Fig. 1. NosA is encoded by a gene cluster similar to thiazole/oxazole modified microcins (TOMMs). (A) Gene map and functional annotation of the biosynthetic gene cluster of NosA compared to known TOMMs. The precursor/core peptide sequence and a schematic representation of the final NosA product including the internal sactionine bridge and sequential methylation of the proline residue are shown below the gene map. Red – precursor peptides, blue – enzymes involved in thiazole/oxazole formation, green – Lan dehydratases, pink – putative SAM-dependent methyltransferase, brown – epimerase, grey – transporters and accessory enzymes. (B) Alignment of the core peptides of selected TOMMs with similar amino acid sequences. Blue – amino acid residues modified to thiazoles/oxazoles, green – dehydrated residues, pink – modified proline. (C) Primary sequences of the selected TOMMs are color-coded as above. Typical structural building blocks, each consisting of three amino acids, are highlighted in boxes.

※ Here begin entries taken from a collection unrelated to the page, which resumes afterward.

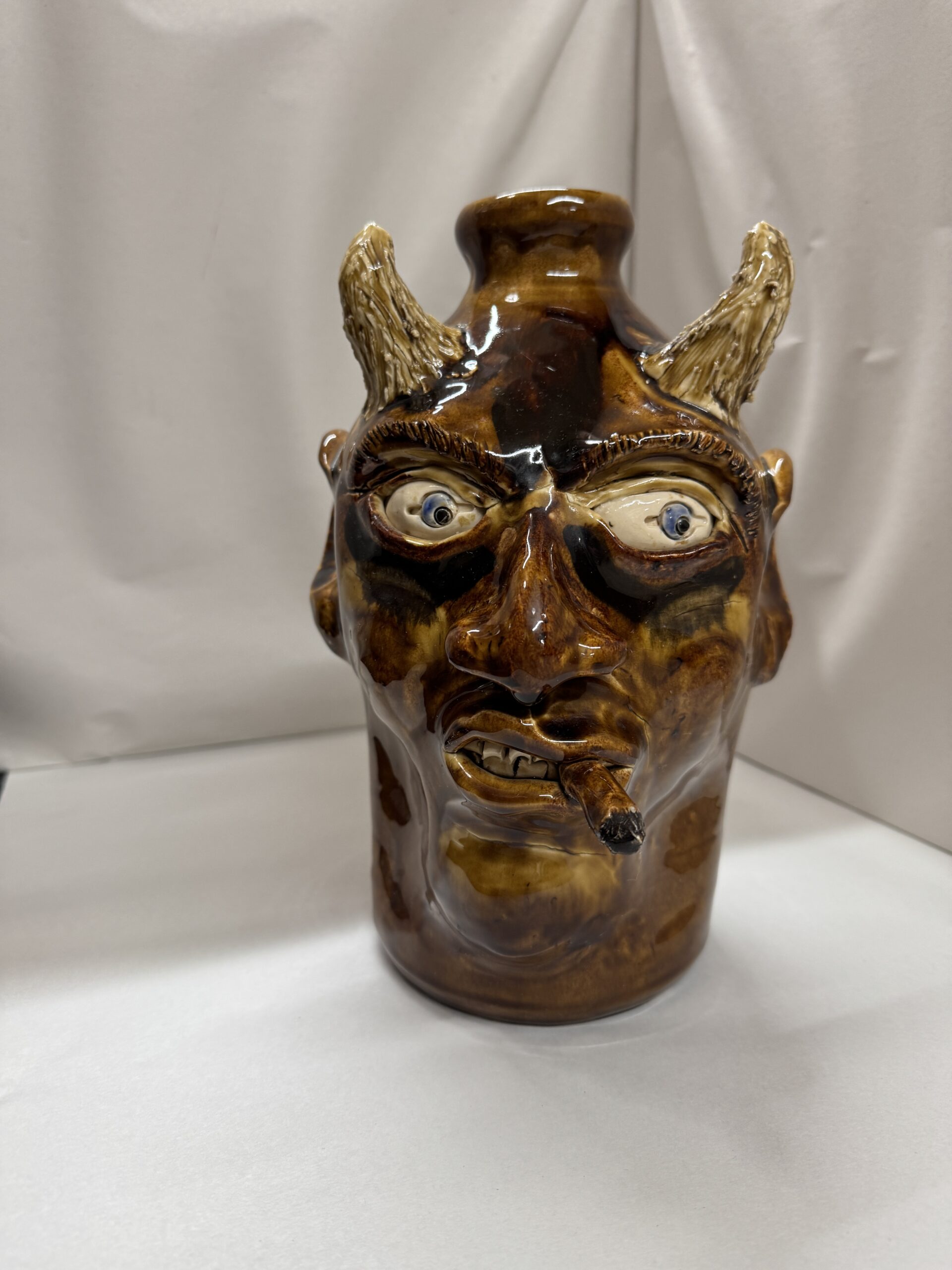 Eric Hewell Folk Art Face Jug Smoking Devil January 21, 2026 | by pdaadmin | Eric Hewell Folk Art Face Jug Smoking Devil approximately 11″ some production firing cracks and flaws — no broken parts Signed: E. Hewell $2000 Share this post Twitter Facebook Google+ LinkedIn Pinterest Email Recommended for You T.S. Driskell Bayou Country Painting 1961 Vintage Carved Wood Folk Art Rubenesque Bathing Beauty Ser mel Tonala Jal Mexico Large Paper Mache Lion 2 Vintage Sumatra Indonesia Beaded Conical Hats
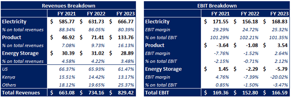 Electricity: within the segment it develops, builds, and operates geothermal, and to a small extent solar energy plants, selling the electricity produced through PPA contracts, with a weighted average term of 15 years as of December 2023. This is the main source of total revenues with a share of 80.4% in FY23, down from 88.3% in FY22; such decrease is mainly due to increased revenues in the Product segment and, to a lesser extent, a decline in electricity production due to maintenance of some geothermal plants resulting in a performance below the potential capacity.
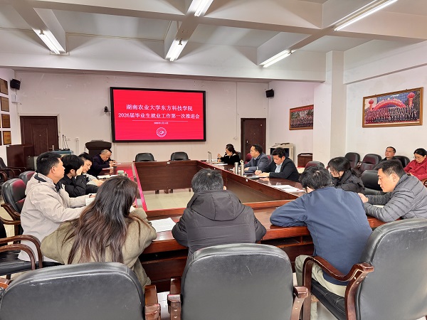 本网讯(招生就业创业指导中心 陈斌)为贯彻落实“寒假促就业暖心行动”,谋划部署2026届毕业生就业工作,1月14日,学院召开2026届毕业生就业工作第一次推进会。院领导、党委委员,招就创中心全体工作人员,各学部主任、学工副主任、就业专干、毕业班辅导员、毕业班班主任参加会议。会议由副院长刘逊主持。
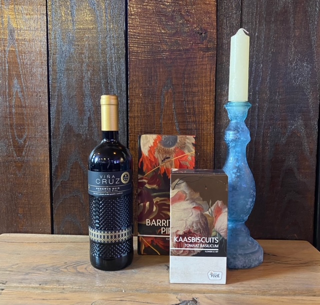 Vina Cruz,kandelaar,set kaarsen,kaasbisquits,barritas
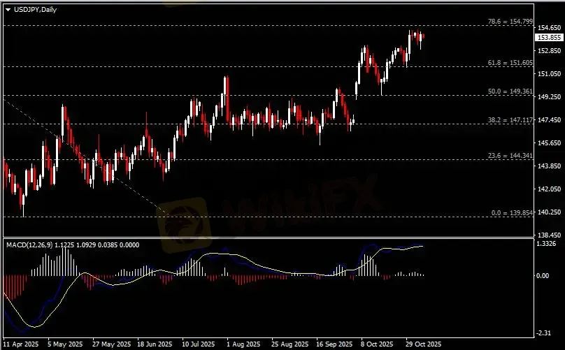 日线图显示美元兑日元反弹上涨,当前仍承压于154.80阻力。从MACD来看,快慢线欲形成死叉,白色动能柱温和收缩。汇价走势和动能柱的变化呈分歧。
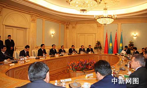 胡錦濤指出,近年來,中哈關(guān)系持續(xù)、快速、健康發(fā)展。雙方高層交往頻繁,政治互信不斷增強,經(jīng)貿(mào)、能源、安全、人文等領(lǐng)域合作取得豐碩成果。在聯(lián)合國、上海合作組織、亞信等多邊框架內(nèi)協(xié)作密切。在一系列涉及對方核心利益問題上相互堅定支持。
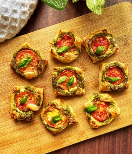 These pesto cottage cheese puff pastry galettes are a delicious addition as an appetiser for brunch, lunch or even can be kid’s after school snack. It’s fresh, perfect bites and a fun finger food that can be quite addictive. Flaky puff pastry topped with delicious homemade pesto, freshly crushed cottage cheese and juicy heirloom tomatoes can never go wrong.
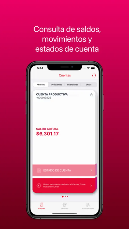 Accede a la información de todas tus cuentas de ahorro, crédito e inversión, revisa vencimientos de tus plazos fijos, tu saldo en ahorros, fecha y monto de próximo pago y más.
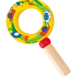 Un manche en bois lisse tient parfaitement dans la main de l’enfant et permet une préhension confortable et sûre lors des explorations.

Fig. 2. Schematic representation of the structure of NosA showing the integrated results obtained from MS and NMR spectroscopic analyses. (A) Structure of Nos A – individual residues are labeled consecutively from the N-terminus. Main HRMS fragments F1–F12 are indicated with grey boxes. Arrows show the most relevant ¹H-/¹³C and ¹H-/¹⁵N HMBC correlations; COSY correlations are depicted as bolded bonds. (B) Schematic representation of the most informative fragments of NosA (top) and mass spectrum (bottom). Individual y- and b-ions are labeled in red and blue, respectively. The interpretation of the most intense MS fragments which were not used for establishing of the peptide sequence are given in Fig. S16.

Fig. 3. ATP-based viability assay on human cervical cancer cell line HeLa WT (black bars) and primary GK cells (grey bars) and hemolytic assay on sheep red blood cells. The cells were treated with graded doses of NosA and cell viability was evaluated after (A) 48 h, (B) 72 h, and (C) 96 h. Hemolytic activity was evaluated after 2 h exposure (D).

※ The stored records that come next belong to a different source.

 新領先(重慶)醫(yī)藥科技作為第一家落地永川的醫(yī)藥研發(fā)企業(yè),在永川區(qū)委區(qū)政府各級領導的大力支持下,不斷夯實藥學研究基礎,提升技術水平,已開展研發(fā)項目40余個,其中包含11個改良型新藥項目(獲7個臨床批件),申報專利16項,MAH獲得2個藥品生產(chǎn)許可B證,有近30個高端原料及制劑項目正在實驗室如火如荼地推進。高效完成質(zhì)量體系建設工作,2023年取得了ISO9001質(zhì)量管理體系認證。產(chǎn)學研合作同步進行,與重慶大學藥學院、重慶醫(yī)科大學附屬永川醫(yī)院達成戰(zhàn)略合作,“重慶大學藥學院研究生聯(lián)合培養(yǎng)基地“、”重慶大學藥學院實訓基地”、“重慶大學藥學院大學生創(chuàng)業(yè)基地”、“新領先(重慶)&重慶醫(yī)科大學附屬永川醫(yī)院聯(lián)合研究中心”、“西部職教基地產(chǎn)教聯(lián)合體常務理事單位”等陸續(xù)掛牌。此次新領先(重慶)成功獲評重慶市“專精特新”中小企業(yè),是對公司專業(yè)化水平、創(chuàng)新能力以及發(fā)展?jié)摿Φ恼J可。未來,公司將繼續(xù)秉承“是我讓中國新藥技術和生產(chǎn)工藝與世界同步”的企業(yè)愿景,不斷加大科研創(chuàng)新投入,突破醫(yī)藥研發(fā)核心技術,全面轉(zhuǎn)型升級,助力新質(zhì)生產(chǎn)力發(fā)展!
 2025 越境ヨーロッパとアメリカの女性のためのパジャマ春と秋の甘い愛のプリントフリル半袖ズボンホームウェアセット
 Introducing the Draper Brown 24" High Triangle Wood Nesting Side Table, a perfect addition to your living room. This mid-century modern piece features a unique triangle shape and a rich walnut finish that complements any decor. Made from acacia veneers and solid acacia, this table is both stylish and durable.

Fig. 4. DNA content analysis of NosA-treated HeLa cells by flow cytometry. HeLa WT and Bax/Bak DKO cells were synchronized by a double thymidine block, released into the media with NosA (100 nM) or to control media, stained by propidium iodide (PI), and cell cycle profiles (subG1, G1, S, G2/M) were analyzed.

Fig. 5. NosA induces mitochondrial apoptosis, while not causing DNA damage or tubulin network alteration. (A) The cytostatic effect shown in HeLa WT cells treated by 100 nM NosA. Red arrows show apoptotic cell blebbing. (STS – stauroporine positive control, NC – negative control). (B) The immunolabeling of tubulin (green) in combination with nucleus staining (blue) in HeLa WT cells. (C) The caspase 3/7 activity of HeLa WT and Bax/Bak DKO cells treated by NosA and STS normalized to control. (D and E) PARP and γH2AX immunoblot of HeLa WT and Bax/Bak DKO cells after treatment with DMOS (Un.) or 100 nM NosA. (F) The viability of HeLa WT and Bax/Bak DKO after NosA treatment. For panels (C and F), the values are expressed as mean ± SD, n = 3. The full images of immunoblots are depicted in Fig. S38.

Fig. 6. Metabolomic analysis of HeLa WT cells treated with NosA for 24 h visualized with a volcano plot. Individual metabolites are presented by dots referring to their log2 fold change and significance value (log10 p-value). Upregulated/downregulated metabolites are highlighted by red/green color, respectively.